Let’s now take a look at the 50 most common words:

library(ggplot2)

tokens <- c(news_tokens, blogs_tokens)
word_counts <- table(unlist(tokens))

word_frequency <- as.data.frame(word_counts, stringsAsFactors = FALSE)
colnames(word_frequency) <- c("word","frequency")
word_frequency <- word_frequency[order(-word_frequency$frequency), ]
top50 <- head(word_frequency, 50)

top50plot <- ggplot(top50, aes(x = reorder(word, -frequency), y = frequency)) +
  geom_bar(stat = "identity") +
  xlab("Words") +
  ylab("Frequency") +
  ggtitle('Top 50 most common words') +
  theme(axis.text.x = element_text(angle = 90, hjust = 1))

top50plot

Next, lets take a look at the frequency of the bigrams

library(tidyr)
library(stringr)
library(tidytext)
## Warning: package 'tidytext' was built under R version 4.3.2
library(quanteda)
## Warning: package 'quanteda' was built under R version 4.3.2
## Package version: 4.0.2
## Unicode version: 14.0
## ICU version: 71.1
## Parallel computing: disabled
## See https://quanteda.io for tutorials and examples.
all_tokens <- unlist(c(news_tokens, blogs_tokens))
combined_tokens <- paste(all_tokens, collapse = " ")
tokens_object <- tokens(combined_tokens)

bigrams <- tokens_ngrams(tokens_object, n = 2)
saveRDS(bigrams, file = "bigrams.rds")
bigrams_strings <- unlist(bigrams)
bigram_df <- as.data.frame(table(bigrams_strings), stringsAsFactors = FALSE)
colnames(bigram_df) <- c("bigram","frequency")

bigram_df <- bigram_df %>% arrange(desc(frequency))
top30bigrams <- head(bigram_df, 30)

ggplot(top30bigrams, aes(x = reorder(bigram, -frequency), y = frequency)) +
  geom_bar(stat = "identity") +
  xlab('Bigrams') +
  ylab("Frequency") +
  ggtitle("Top 30 Most Common Bigrams") +
  theme(axis.text.x = element_text(angle = 90, hjust = 1))

and the same for trigrams:

trigrams <- tokens_ngrams(tokens_object, n = 3)
saveRDS(trigrams, file = "trigrams.rds")
trigrams_strings <- unlist(trigrams)
trigram_df <- as.data.frame(table(trigrams_strings), stringsAsFactors = FALSE)
colnames(trigram_df) <- c("trigram","frequency")

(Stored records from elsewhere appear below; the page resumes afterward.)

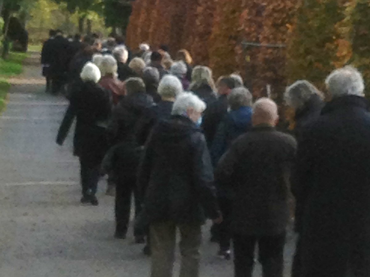 Nicht alle Gäste finden in der Halle Platz, Lautsprecher übertragen die Worte des Pfarrers, der ihren langen Lebensweg schildert, immer wieder kommt er auf unsere Insel zu sprechen, betont die Netzwerke, die sie im Alter stützten und ihre nie versiegende Lebensfreude. Ein naher Verwandter ergänzt die Abschiedsworte und leitet über zu zwei Schubertstücken, die sie selbst für diesen Tag ausgewählt hatte.
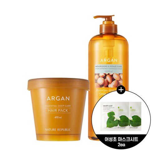 [대용량 2종]아르간 에센셜 딥케어 샴푸 + 헤어팩 (+어성초 마스크팩 3ea 증정)
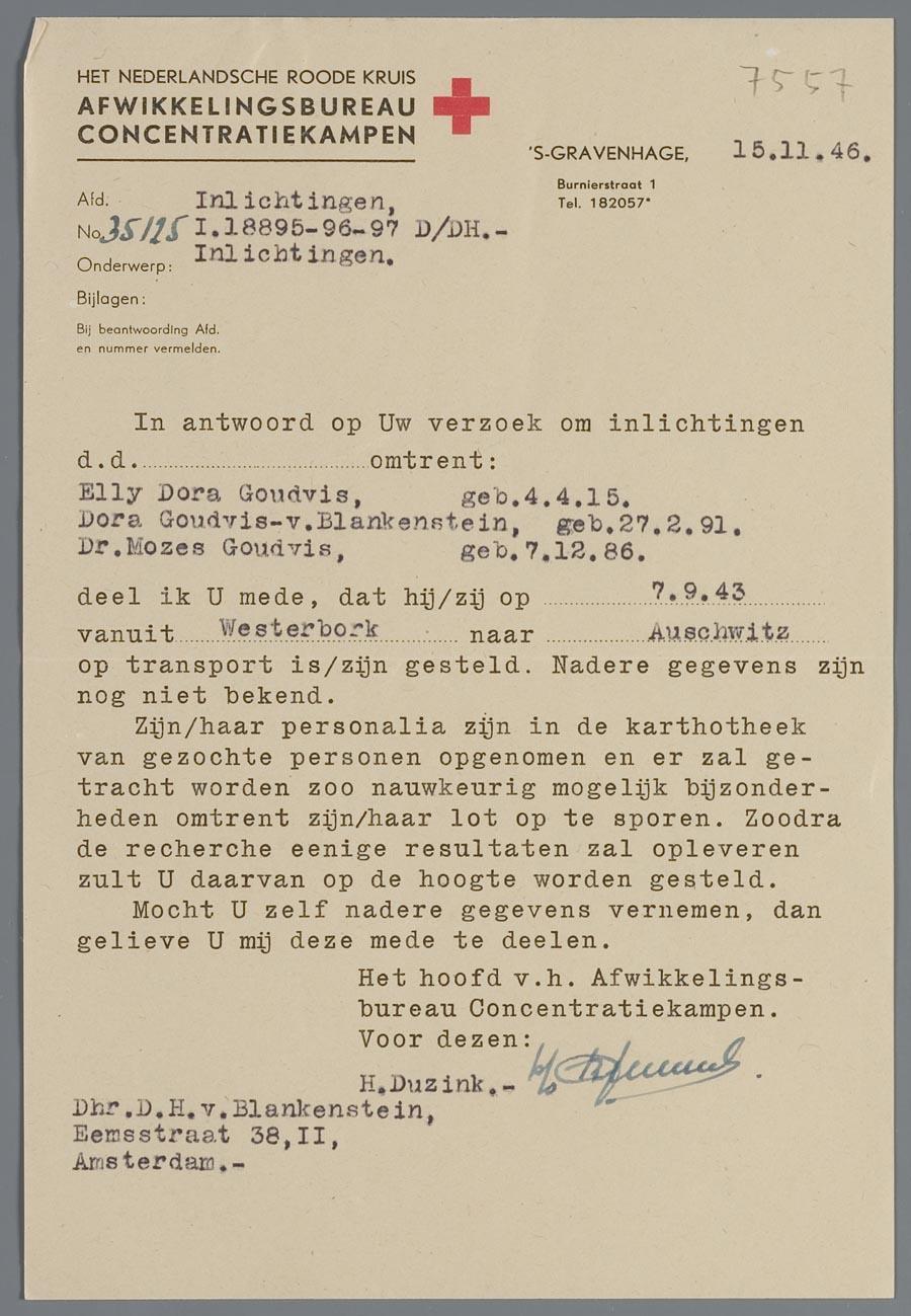 Brief van het Ned. Rode Kruis aan D.H. van Blankenstein over deportatie van de familie Goudvis naar Auschwitz, november 1946
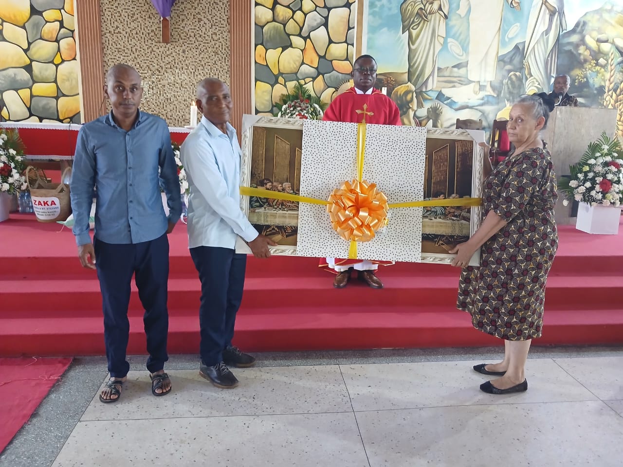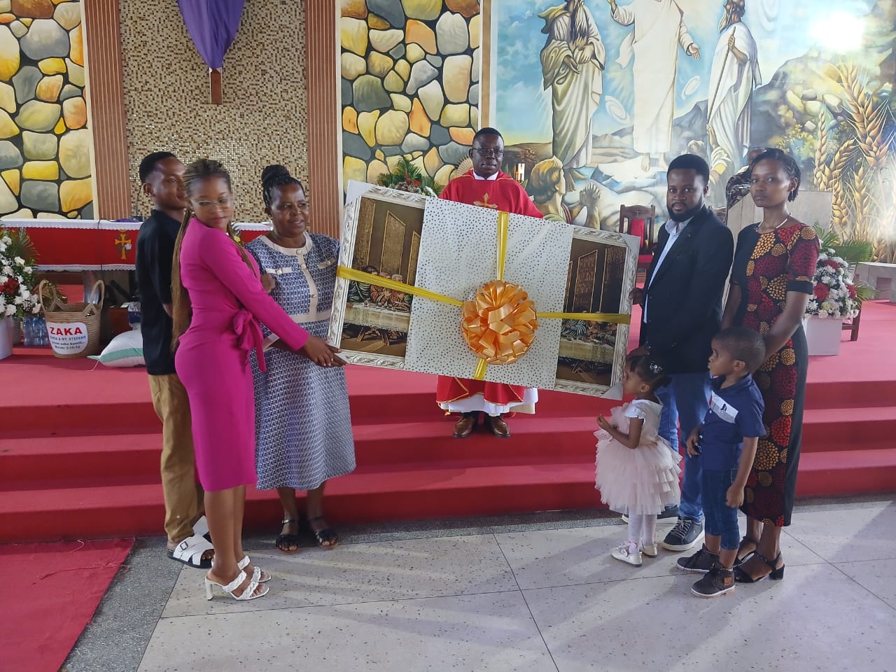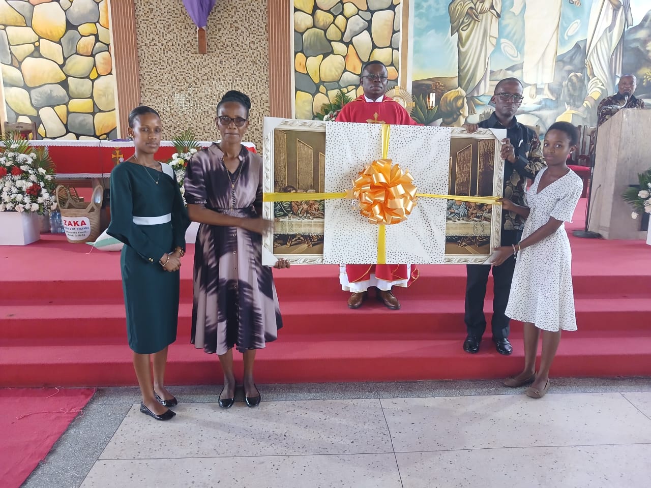 Paroko akikabidhi zawadi kwa familia ya aliyekuwa Mwenyekiti wa Kwanza wa Parokia Eng. Theophil Mfala

trigram_df <- trigram_df %>% arrange(desc(frequency))
top30trigrams <- head(trigram_df, 30)

ggplot(top30trigrams, aes(x = reorder(trigram, -frequency), y = frequency)) +
  geom_bar(stat = "identity") +
  xlab('Trigrams') +
  ylab("Frequency") +
  ggtitle("Top 30 Most Common Trigrams") +
  theme(axis.text.x = element_text(angle = 90, hjust = 1))

Finally, let’s determine how many individual words we need to cover 50% and 90%:

word_freq <- dfm(tokens_object) %>% colSums() %>% sort(decreasing = TRUE)
word_freq_df <- data.frame(word = names(word_freq), frequency = as.vector(word_freq))
word_freq_df <- word_freq_df %>% mutate(comulative_frequency = cumsum(frequency),
                                        total_words = sum(frequency),
                                        coverage = comulative_frequency/total_words)

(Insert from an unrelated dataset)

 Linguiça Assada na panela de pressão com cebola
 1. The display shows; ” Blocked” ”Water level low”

num_words_50 <- nrow(word_freq_df %>% filter(coverage <= 0.5))
num_words_90 <- nrow(word_freq_df %>% filter(coverage <= 0.9)) 

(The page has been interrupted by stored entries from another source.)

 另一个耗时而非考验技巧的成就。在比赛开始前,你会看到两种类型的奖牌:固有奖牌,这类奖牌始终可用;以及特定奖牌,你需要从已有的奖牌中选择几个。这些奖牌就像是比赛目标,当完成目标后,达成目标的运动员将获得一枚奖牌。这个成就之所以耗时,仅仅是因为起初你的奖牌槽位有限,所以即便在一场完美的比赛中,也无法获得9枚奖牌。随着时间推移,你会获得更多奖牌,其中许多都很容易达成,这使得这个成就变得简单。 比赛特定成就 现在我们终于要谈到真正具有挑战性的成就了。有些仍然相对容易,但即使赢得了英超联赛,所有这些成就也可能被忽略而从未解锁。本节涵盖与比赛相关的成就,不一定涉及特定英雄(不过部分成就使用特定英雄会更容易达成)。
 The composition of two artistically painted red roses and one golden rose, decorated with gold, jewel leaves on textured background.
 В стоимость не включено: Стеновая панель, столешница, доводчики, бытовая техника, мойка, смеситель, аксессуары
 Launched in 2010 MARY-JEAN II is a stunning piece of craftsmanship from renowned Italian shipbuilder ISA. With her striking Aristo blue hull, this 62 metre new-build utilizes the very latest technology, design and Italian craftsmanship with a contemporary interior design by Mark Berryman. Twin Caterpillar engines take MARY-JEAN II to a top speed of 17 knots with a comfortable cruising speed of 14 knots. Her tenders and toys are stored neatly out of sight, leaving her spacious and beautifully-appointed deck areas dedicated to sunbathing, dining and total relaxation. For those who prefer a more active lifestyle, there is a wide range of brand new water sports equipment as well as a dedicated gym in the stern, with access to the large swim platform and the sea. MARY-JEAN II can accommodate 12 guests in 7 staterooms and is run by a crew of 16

cat("Number of words to cover 50% of all word instances:", num_words_50, "\n")
## Number of words to cover 50% of all word instances: 126
cat("Number of words to cover 90% of all word instances:", num_words_90, "\n")
## Number of words to cover 90% of all word instances: 7005

These plots and variables give us valuable insight on the structure of our dataset that we can use when working on our model. As we can see, there is much left to be done, such as fixing the bigrams, given that the removal of punctuation turned words like “I’m” and “don’t” into bigrams “i” & “m” and “don” & “t”, and did a similar thing with the trigrams. But for now, this is the end for our exploratory data analysis.